# Derivative of sin x with respect to x

## Formula

$\dfrac{d}{dx} \sin x = \cos x$

It is read as the derivative of sine of angle $x$ with respect to $x$ is equal to cosine of angle $x$.

### Proof

According to the relation of derivative of a function with respect to $x$ in terms of limits.

$$\dfrac{d}{dx} \, f(x) = \lim_{h \to 0} \dfrac{f(x+h) -f(x)}{h}$$

Take $f(x) = \sin x$, then $f(x+h) = \sin(x+h)$ and substitute them in the limits formula to start deriving the proof of derivative of sine with respect to $x$.

$$\dfrac{d}{dx} \, \sin x = \lim_{h \to 0} \dfrac{\sin (x+h) -\sin x}{h}$$

Use sum to product identity of sine to express them in product form.

$$\implies \dfrac{d}{dx} \, \sin x = \lim_{h \to 0} \dfrac{2 \sin \Bigg[\dfrac{x+h -x}{2}\Bigg] \cos \Bigg[\dfrac{x+h – (-x)}{2}\Bigg]}{h}$$

$$\require{cancel} \implies \dfrac{d}{dx} \, \sin x = \lim_{h \to 0} \dfrac{2 \sin \Bigg[\dfrac{\cancel{x}+h -\cancel{x}}{2}\Bigg] \cos \Bigg[\dfrac{x+h+x}{2}\Bigg]}{h}$$

$$\implies \dfrac{d}{dx} \, \sin x = \lim_{h \to 0} \dfrac{2 \sin \Bigg[\dfrac{h}{2}\Bigg] \cos \Bigg[\dfrac{x+h+x}{2}\Bigg]}{h}$$

$$\implies \dfrac{d}{dx} \, \sin x = \lim_{h \to 0} \dfrac{2 \sin \Bigg[\dfrac{h}{2}\Bigg] \cos \Bigg[\dfrac{2x+h}{2}\Bigg]}{h}$$

The number $2$ multiplies the numerator and it divides the denominator. So, move the number $2$ to denominator.

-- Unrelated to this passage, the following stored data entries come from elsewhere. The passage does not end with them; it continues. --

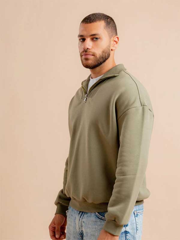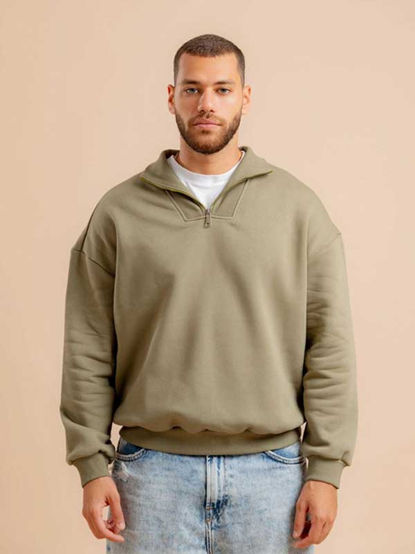 A modern and trendy unisex sweatshirt with a quarter zip, oversized fit and classic design. Perfect for any occasion.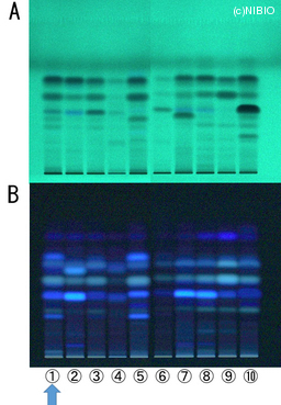 | Condition | (試料調製)各試料の粉末0.1 gにヘキサン1.0 mLを加え、約5分間超音波処理を行った。遠心分離後、得られた上清を試料溶液とした。 (TLC条件)注入量:10 μL、展開溶媒:メタノール/水(9:1)、検出:UV照射(254 nm、366 nm)。HPTLCガラスプレートは、薄層クロマトグラフィー用オクタデシルシリル化シリカゲル(蛍光剤入り)を使用。 |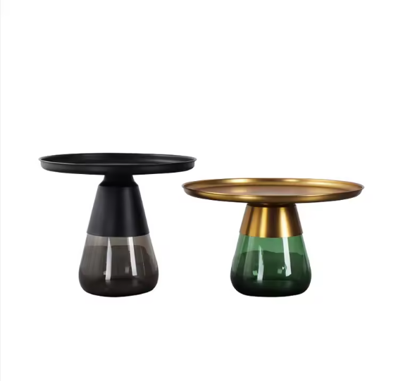 The Modern Luxury Collection side table seamlessly blends industrial metal with artistic translucent glass. Featuring a functional round metal tray top in gold or black finish, it is supported by a sculptural tinted glass pedestal base that catches and diffuses light beautifully. This contemporary accent table is a versatile addition to any luxury living room or bedroom, perfect for displaying decorative items or as a chic coffee station.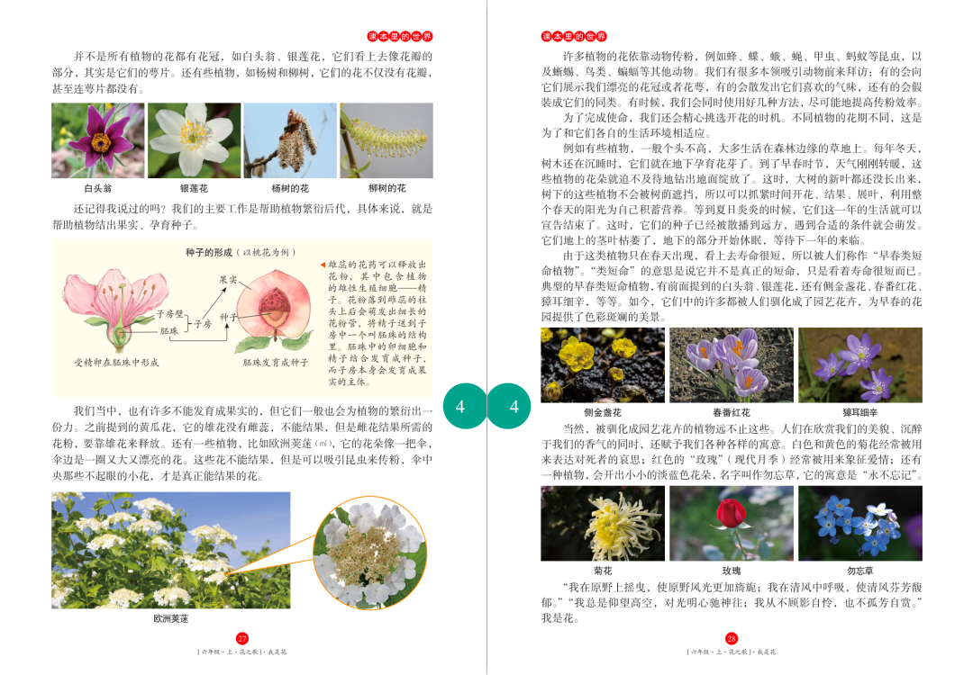 六年级上册第4课《花之歌》,根据课文,《年级阅读》拓展了以下四部分内容。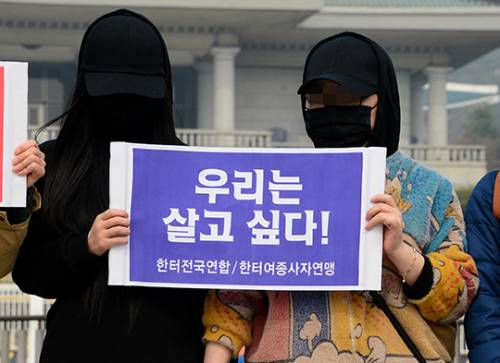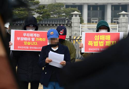 대책위 소속 오모씨는 "8년 동안 부당한 조건에서도 오직 가족을 부양하고자 성매매 일을 선택했고, 지금 이 자리에 섰다"며 "이곳을 벗어나지 못하는 현실이 가슴 아프다"고 했다.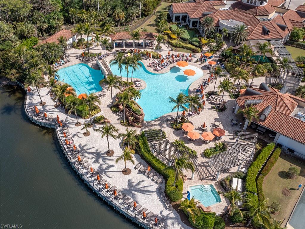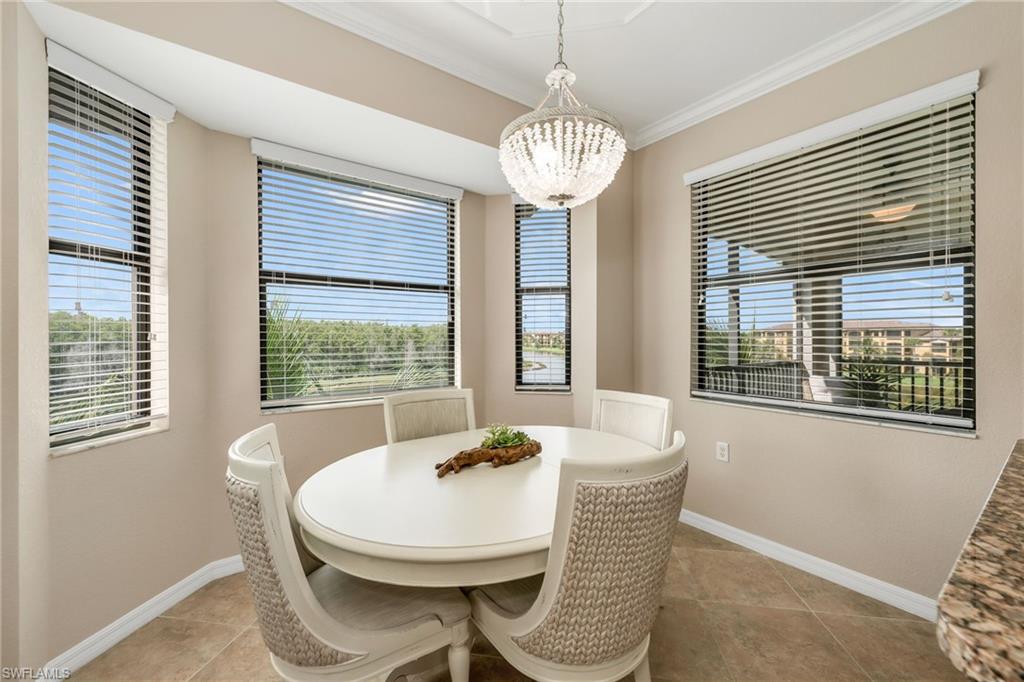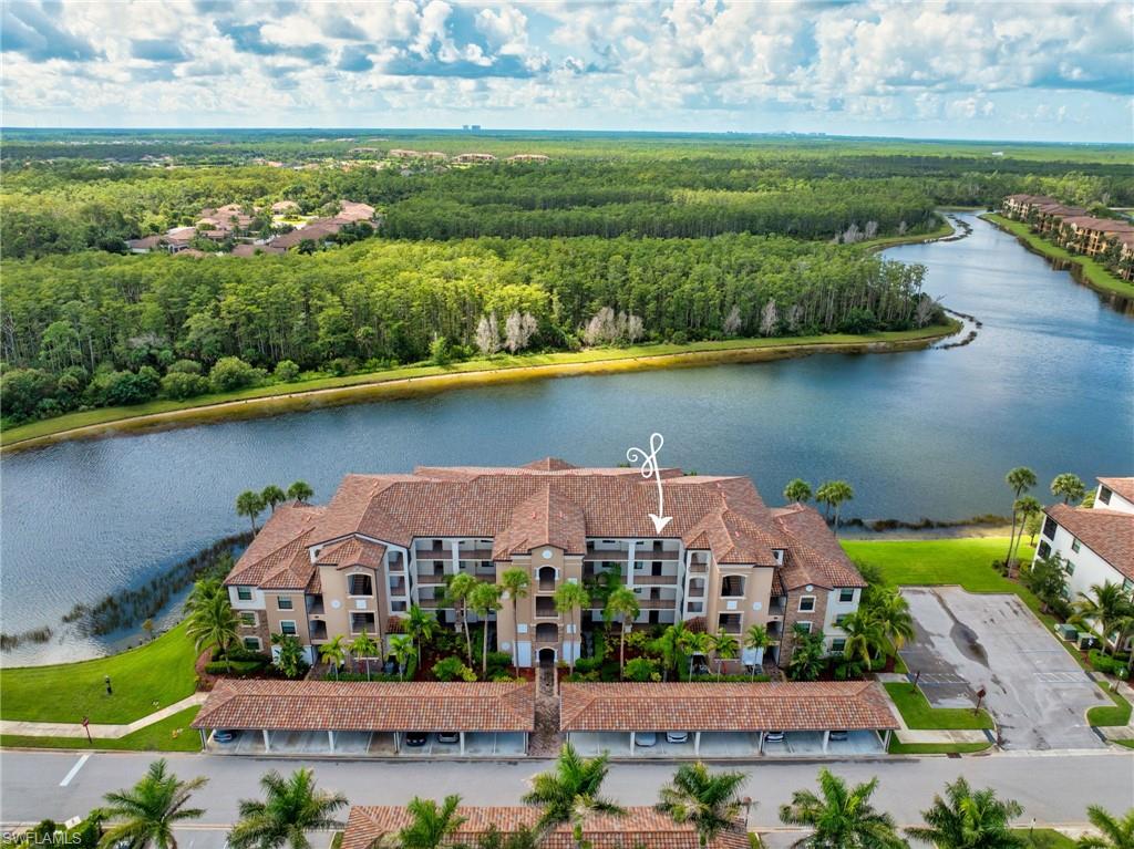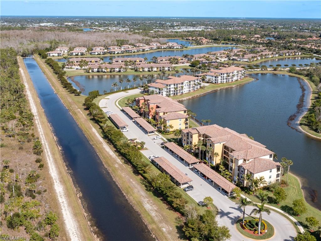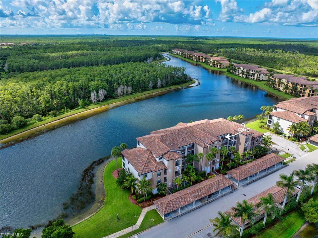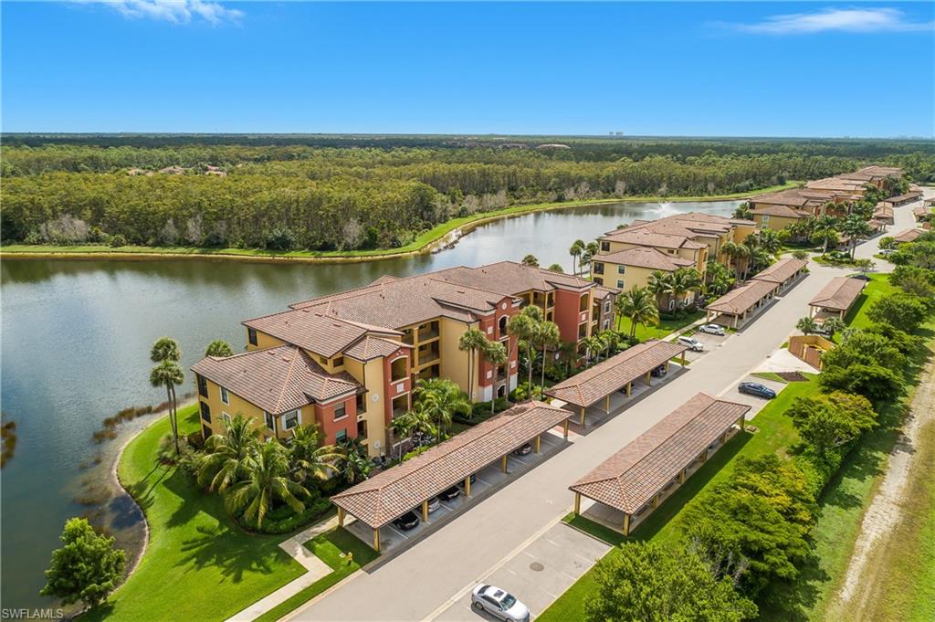 Stunning long lake views in Treviso Bay! This immaculate TOP-FLOOR BELLINI FLOOR PLAN offers a beautifully upgraded design with turnkey furnishings. The 2-bedroom, 2-bath plus FLEX ROOM layout showcases crown molding, custom built-in wall cabinetry with hidden big-screen TV, upgraded ceilings and lighting, plantation shutters, and a designer-tiled lanai for enjoying the best southwestern water views. The kitchen features stainless steel appliances, granite countertops, and breakfast bar seating. Additional perks include covered parking, extra storage, and no golf fees. Treviso Bay lives like a resort with first-class amenities: TPC golf course, clubhouse with fine dining, business center, library, social club, resort-style pools with waterfalls and bar & grill, lap pool, tennis, pickleball, bocce, fitness center, yoga studio, spa, sauna, and more. Just steps to a satellite pool, grilling area, and pickleball courts. Only 10 minutes to downtown Naples and beaches—Make this home your Florida home for the upcoming winter season!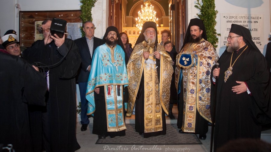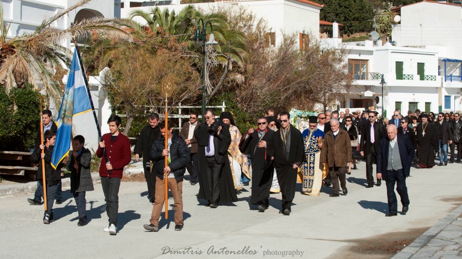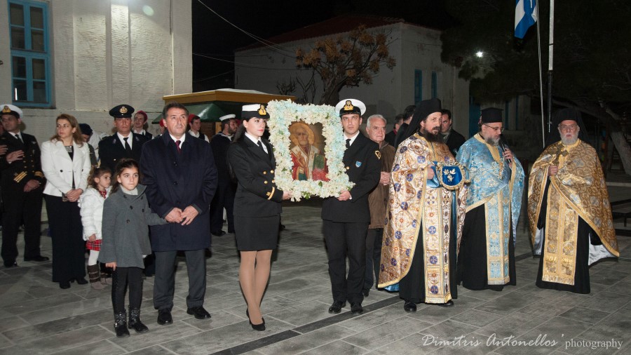 Η πομπή, αφού διέσχισε τον πεζόδρομο της «Αγοράς», σταμάτησε στο άγαλμα των Ηρώων στην Πλατεία και έφτασε στο λιμανάκι της περιοχής, όπου έγινε Τρισάγιο στην μνήμη των Πνιγέντων Ναυτικών καθώς και κατάθεση στεφάνων από επισήμους.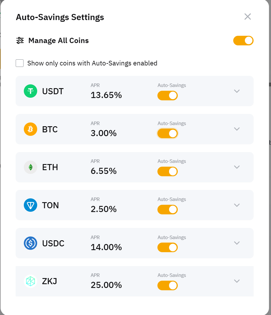 Bước 3: Nhấp vào Xác Nhận. Trang Cài Đặt Tự Động Sinh Lời sẽ hiển thị. Quản Lý Tất Cả Coin được bật theo mặc định. Tại đây, bạn có thể bật hoặc tắt Tự Động Sinh Lời cho từng coin được hỗ trợ.

$$\implies \dfrac{d}{dx} \, \sin x = \lim_{h \to 0} \dfrac{\sin \Bigg[\dfrac{h}{2}\Bigg] \cos \Bigg[\dfrac{2x+h}{2}\Bigg]}{\dfrac{h}{2}}$$

$$\implies \dfrac{d}{dx} \, \sin x = \lim_{h \to 0} \dfrac{\sin \Bigg[\dfrac{h}{2}\Bigg]}{\dfrac{h}{2}} \times \cos \Bigg[\dfrac{2x+h}{2}\Bigg]$$

Use product law of limits to apply the limit to both functions.

$$\implies \dfrac{d}{dx} \, \sin x = \lim_{h \to 0} \dfrac{\sin \Bigg[\dfrac{h}{2}\Bigg]}{\dfrac{h}{2}} \times \lim_{h \to 0} \cos \Bigg[\dfrac{2x+h}{2}\Bigg]$$

The sine function consists $\dfrac{h}{2}$ as angle and the denominator also has it. So, change the limit $h$ to $\dfrac{h}{2}$ term. Actually $h$ tends to $0$ ($h \to 0$) then $\dfrac{h}{2}$ also tends to zero ($\dfrac{h}{2} \to 0$). Therefore, write $h \to 0$ by $\dfrac{h}{2} \to 0$.

$$\implies \dfrac{d}{dx} \, \sin x = \lim_{\frac{h}{2} \to 0} \dfrac{\sin \Bigg[\dfrac{h}{2}\Bigg]}{\dfrac{h}{2}} \times \lim_{h \to 0} \cos \Bigg[\dfrac{2x+h}{2}\Bigg]$$

The ratio of sine of angle to angle when the value of angle approaches zero is equal to one.

$\implies \dfrac{d}{dx} \, \sin x = 1 \times \cos \Bigg[\dfrac{2x+0}{2}\Bigg]$

$\implies \dfrac{d}{dx} \, \sin x = 1 \times \cos \Bigg[\dfrac{2x}{2}\Bigg]$

$\require{cancel} \implies \dfrac{d}{dx} \, \sin x = 1 \times \cos \Bigg[\dfrac{\cancel{2}x}{\cancel{2}}\Bigg]$

$\implies \dfrac{d}{dx} \, \sin x = 1 \times \cos x$

$\therefore \,\,\,\,\, \dfrac{d}{dx} \, \sin x = \cos x$

It is proved that the derivative of $\sin x$ with respect to $x$ is $\cos x$.